Despite growing optimism and bright forecasts following the introduction of various investment-friendly policies by the government to drive the growth of the property sector in the past decade, the sector’s performance in 2017 was rather disappointing for the housing finance / property development industry in general, and for the federal government in particular.
The Nigerian Constitution guarantees every citizen the right to decent accommodation, but the state has largely failed in securing this right amid rapidly rising demand. Demand is driven not just by national population growth, but particularly by the influx of domestic migrants to the industrial heartland of the country – Lagos, as well as to the Federal Capital Territory – Abuja.
Nigeria requires approximately 800,000 new housing units every year, according to numbers being thrown around. In addition, the country needs to address a backlog of some 17million units, which will provide decades of work for real estate developers. High mortgage rates, down payment requirements, taxes and recordation costs, and the increase in building raw material prices continues to make it even more difficult for middle-low income consumers to own a home in Nigeria. Another obstacle is the poor implementation of deregulation policies initiated by the federal government at state/local government level. Most local governments complicate or delay the permit application process and impose illegal levies on housing projects.
Robust data is fundamental to successful policy formulation for Affordable Housing. In Nigeria, budget deadlines and political decisions force policymakers to endorse programs without a system for monitoring and evaluation.
Private Sector Stakeholders, in particular, must COLLABORATE and support all efforts towards the establishment of a Housing and Real Estate Data Bank, whose primary role is to collect, collate and analyze data on housing supply and demand and serve as a think tank for the housing stakeholders: public and private housing providers, academics, and civil society organizations.
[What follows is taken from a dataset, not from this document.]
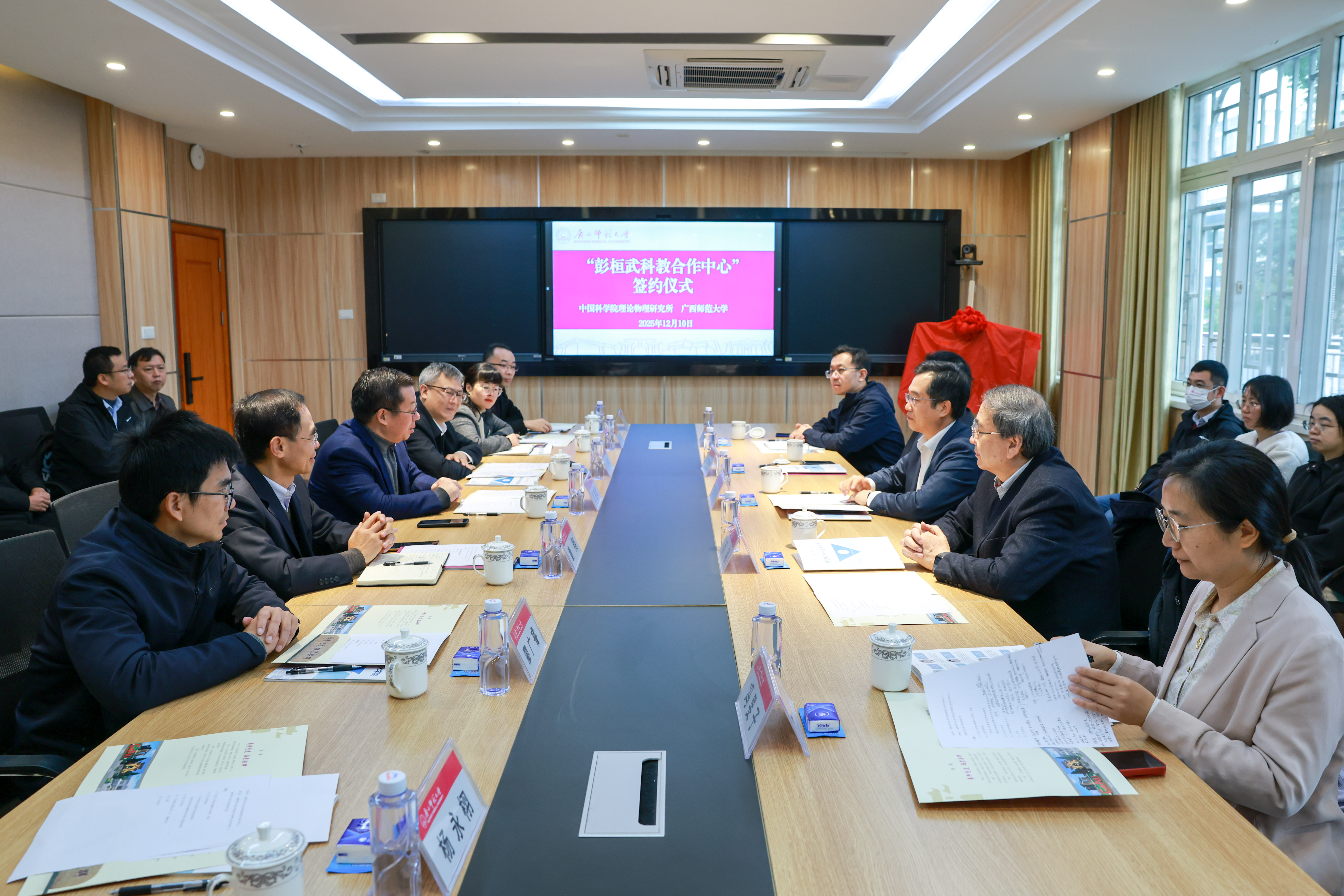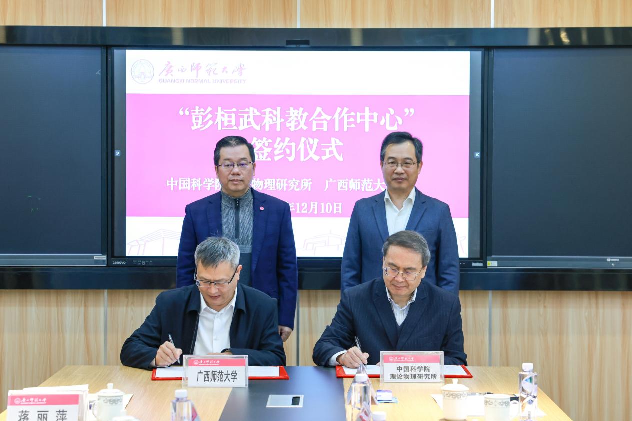 学院新闻12月10日上午,“彭桓武科教合作中心”签约暨揭牌仪式在广西师范大学育才校区胜游体育(SYsports)官方网站入口与技术学院105会议室举行。仪式由广西师范大学党委常委、副校长宋树祥主持。中国科学院理论物理研究所所长周善贵、副所长苏刚,广西师范大学党委书记贺祖斌,中国科学院理论物理研究所、校科技处、胜游体育(SYsports)官方网站入口与技术学院等双方单位负责人、专家与教师代表共同出席。

In addition, the Mortgage Banking Association of Nigeria (MBAN) must COLLABORATE with regulatory authorities with a view of engaging the services of “THOROUGH BRED” mortgage experts who will be able to provide international best practices that strengthen credit assessment, mortgage underwriting, and risk management practices.
Furthermore, it has been established that modular structures, where major components for walls and roofs are produced off-site and assembled on-site, can reduce both the cost and time of construction. This should be rigorously pursued.
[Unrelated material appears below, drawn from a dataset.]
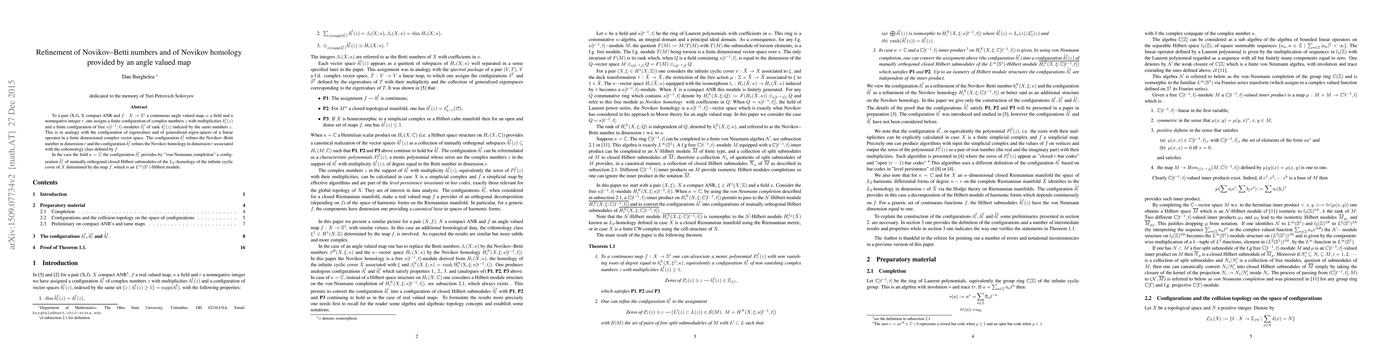 To a pair (X,f), X compact ANR and f a continuous angle valued map defined on X, a fixed field and a nonnegative integer one assigns a finite configuration of complex numbers with multiplicities located in the punctured complex plane and a finite configuration of free modules over the ring of Laurent polynomials (with coefficients in the fixed field) indexed by the same complex numbers. This is done in analogy with the configuration of eigenvalues and of generalized eigenspaces of an invertible linear operator in a finite dimensional complex vector space. The configuration of complex numbers refines the Novikov - Betti number and the configuration of free modules refines the Novikov homology associated with the cohomology class defined by f, in the same way the collection of eigenvalues and of generalized eigen-spaces refine the dimension of the vector space and the vector space on which the operator acts. In the case the field is the field of complex numbers the configuration of free modules induces by "von-Neumann completion" a configuration of mutually orthogonal closed Hilbert submodules of the L 2--homology of the infinite cyclic cover of X determined by the map f, which is an Hilbert module over the von-Neumann algebra of complex L-infinity functions on the unit circle in the complex plane.

Finally, sluggish advancement in the provision of low-cost housing could be blamed on red tape and graft. As mentioned earlier, affordable housing policies are initiated at the national level, while their implementation rests largely with state & local authorities, and coordination between the two levels of government is often left wanting. Real Estate Developers continue to complain that overlapping regulations and other bureaucratic hurdles affect particularly the low-cost segment, driving a lot of companies to alter their focus to the middle-income segment instead. Most, however, remain committed to the low end of the market.